James Pasco, executive director of the Fraternal Order of Police, the nation’s largest law-enforcement labor organization, said that while he holds Mr. Kerlikowske in high regard, police officers are wary.

“While I don’t necessarily disagree with Gil’s focus on treatment and demand reduction, I don’t want to see it at the expense of law enforcement. People need to understand that when they violate the law there are consequences.”

  1. You can’t convince people it’s a ‘war on drugs’ or a ‘war on a product’ because that’s impossible and just as ridiculous as a ‘war on terror’ or ‘war on a tactic.’ They see it as a war on them because it is. Drug and products exist only because people desire them. You must go after the actor behind the drug or product. The user or seller or manufacturer. Whenever you prohibit something you will enveitably make that problem worse and cause negative side effects you didn’t account for. Whether that be drugs, guns, prostitution or fast food.
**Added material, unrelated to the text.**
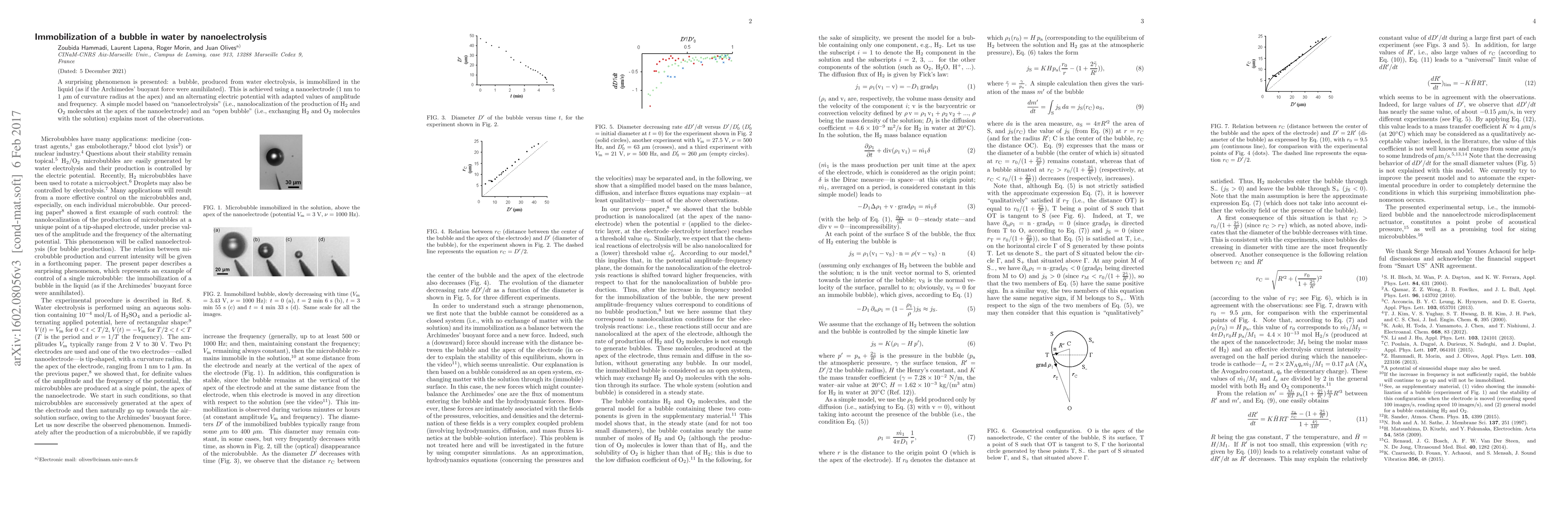 A surprising phenomenon is presented: a bubble, produced from water electrolysis, is immobilized in the liquid (as if the Archimedes' buoyant force were annihilated). This is achieved using a nanoelectrode (1 nm to 1 $\mu$m of curvature radius at the apex) and an alternating electric potential with adapted values of amplitude and frequency. A simple model based on "nanoelectrolysis" (i.e., nanolocalization of the production of H2 and O2 molecules at the apex of the nanoelectrode) and an "open bubble" (i.e., exchanging H2 and O2 molecules with the solution) explains most of the observations.

  2. While forced treatment is likely better than forced incarceration you will still have asset forfeiture happening. You’re still forcing people to do something against their will for what was likely a consensual, non-violent, voluntary ‘crime.’
  3. Treating it as a ‘health’ issue doesn’t make me feel any better. Health in general but specifically mental health has been a tool used by violent fascist governments throughout time to remove those who they disagreed with. Many states in the USA practiced eugenics before Hitler or anyone else. Many regimes would use vague mental ‘disorders’ to lock up political advisories in padded rooms and in most countries including the United States you can be held practically forever without the same well documented legal rights that a normally imprisoned individual has. Not that that always helps.
  4. Medical-marijuana dispensary raids? Oh yes because that promise was so well kept. I’m totally going to just ignore all of Obama’s lies and believe his drug ‘czar’ on this one.
  5. This has been said many times but… czar? Really? Must they be so blatantly power hungry? I’ve no doubt these guys think of themselves as little emperors. It’s sick.
  6. Even if treatment goes up will incarceration go down? Will he ask Obama to release/pardon all or some or even one of the non-violent federally held drug ‘criminals?’ The USA has the largest prison population both in total number of prisoners and per capita. The prison system is one of the fastest growing industries. To make room for non-violent drug offenders California last I heard was planning on releasing violent prisoners out early. Seems wrong on several levels.
  7. Oh… and what about obeying the actual laws of the land Mr. Kerlikowske? You know… the US Constitution? The 9th and 10th Amendments. Would you be so kind as to point out the section in Article 1 that gives congress the power to pass such prohibitions?
  8. Of course James Pasco is wary of the proposed changes. As he says: “I don’t want to see it as an expense of law enforcement.” What he really means is that he doesn’t want the war on drugs to shrink because then he may not get the funding or get to use his fun SWAT equipment as much. Can’t have a reduction in the police state. Gotta keep them boys employed. Can’t make it look like they aren’t enforcing the rule of law. Even though they are breaking their oath to be peace officers and to the Constitution regularly.